Die britische Regierung hat angekündigt, Gespräche über die Unterstützung möglicher Bewerbungen für Sportgroßveranstaltungen in den 2040er-Jahren aufzunehmen. Dabei steht auch eine erneute Bewerbung für Olympische und Paralympische Sommerspiele im Raum. Dies könnte für den Deutschen Olympischen Sportbund (DOSB), der bereits offizieller Bewerber für die Spiele 2036, 2040 oder 2044 ist, namhafte Konkurrenz bedeuten.
Prüfung von Kosten und Nutzen
In einer ersten Phase sollen Untersuchungen zu potenziellen Kosten, sozioökonomischem Nutzen und Erfolgsaussichten durchgeführt werden. Großbritannien war bereits dreimal Gastgeber von Sommerspielen, alle Austragungen fanden in London statt: 1908, 1948 und 2012. Die letzte Ausrichtung war ein großer Erfolg und hinterließ eine moderne Infrastruktur, die nun als Basis für eine erneute Bewerbung dienen könnte.
Deutsche Bewerbung konkretisiert sich
Der DOSB hat sich beim Internationalen Olympischen Komitee (IOC) offiziell als Bewerber für die Sommerspiele 2036, 2040 oder 2044 registriert. Die Entscheidung, welche deutsche Stadt ins Rennen geschickt wird, fällt am 26. September bei einer außerordentlichen Mitgliederversammlung in Baden-Baden. Im Rennen sind Berlin, München, Hamburg und Köln/Rhein-Ruhr. Der DOSB betont stets, dass man bereit sein wolle, wenn Europa beim IOC wieder gefragt sei. Bislang haben sich aus Europa bereits Budapest und Ungarn sowie Istanbul offiziell als Konkurrenten positioniert.

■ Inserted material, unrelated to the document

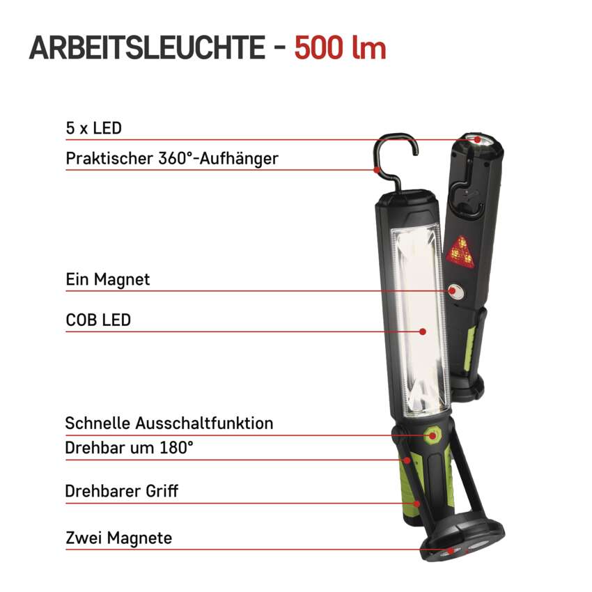| Lichtstrom | COB LED 50 % – 270 lm, COB LED 100 % – 500 lm, 5× LED 15 lm |
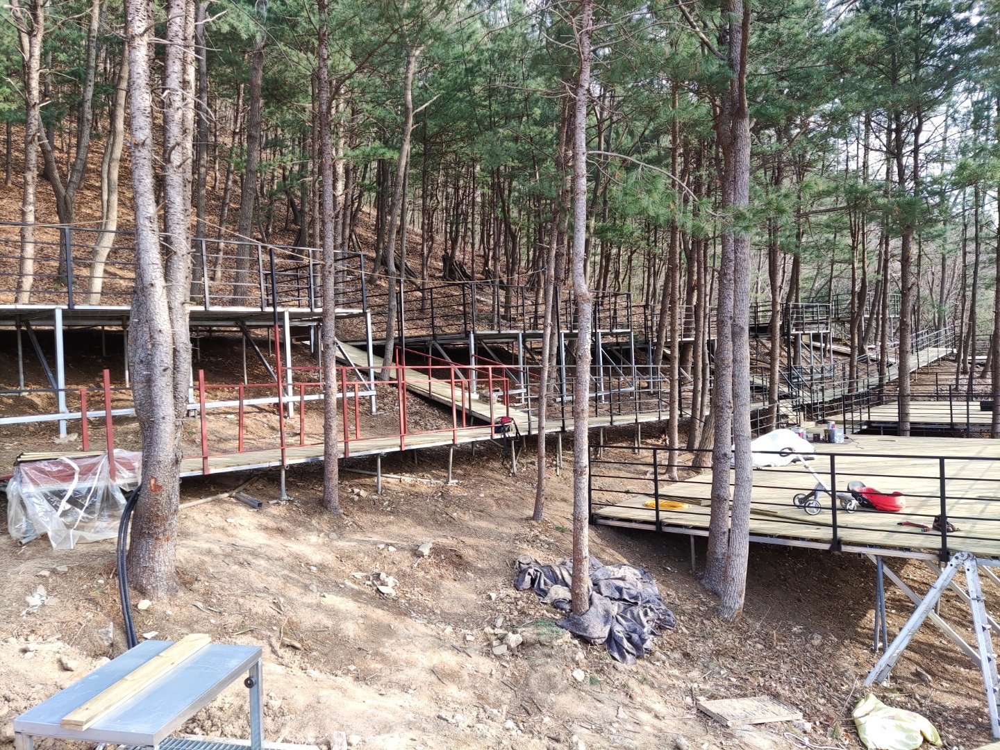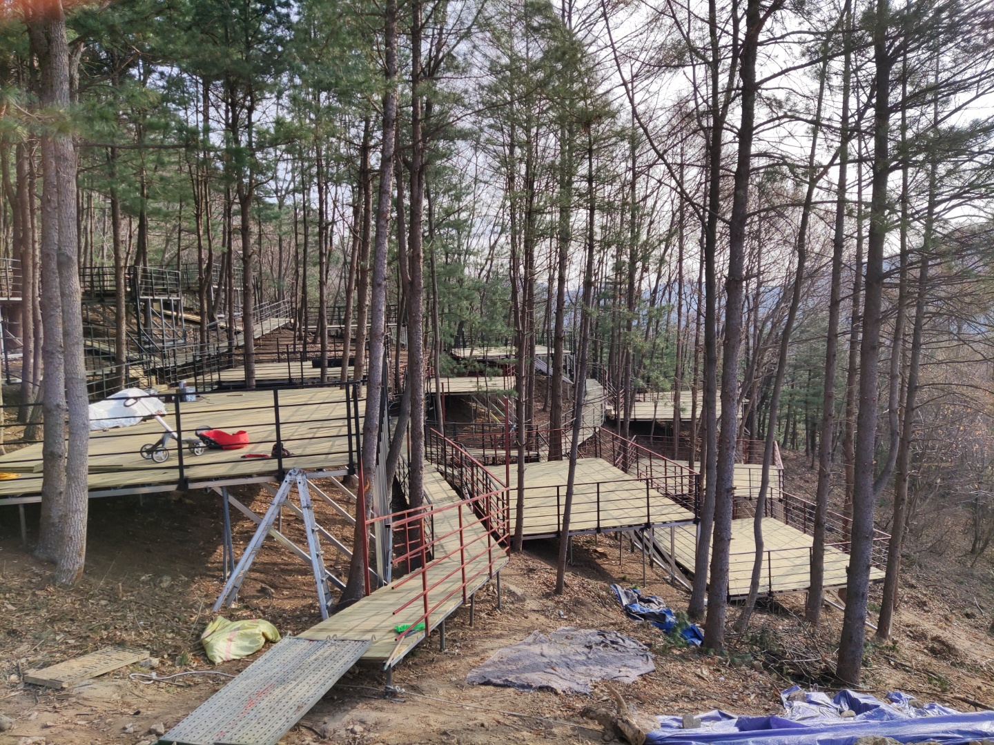 캠핑장 옆쪽과 입구 쪽에 데크공사를 하고 있다고 해요.

Nächste Olympische Spiele und EM 2028
Die nächsten Olympischen Sommerspiele finden 2028 in Los Angeles (USA) und 2032 in Brisbane (Australien) statt. Großbritannien hat zudem bereits ein weiteres Großereignis in Aussicht: Die Fußball-Europameisterschaft 2028 wird in England, Schottland, Wales und Irland ausgetragen. Dies unterstreicht die Ambitionen des Landes, weiterhin als Gastgeber internationaler Sportereignisse aufzutreten.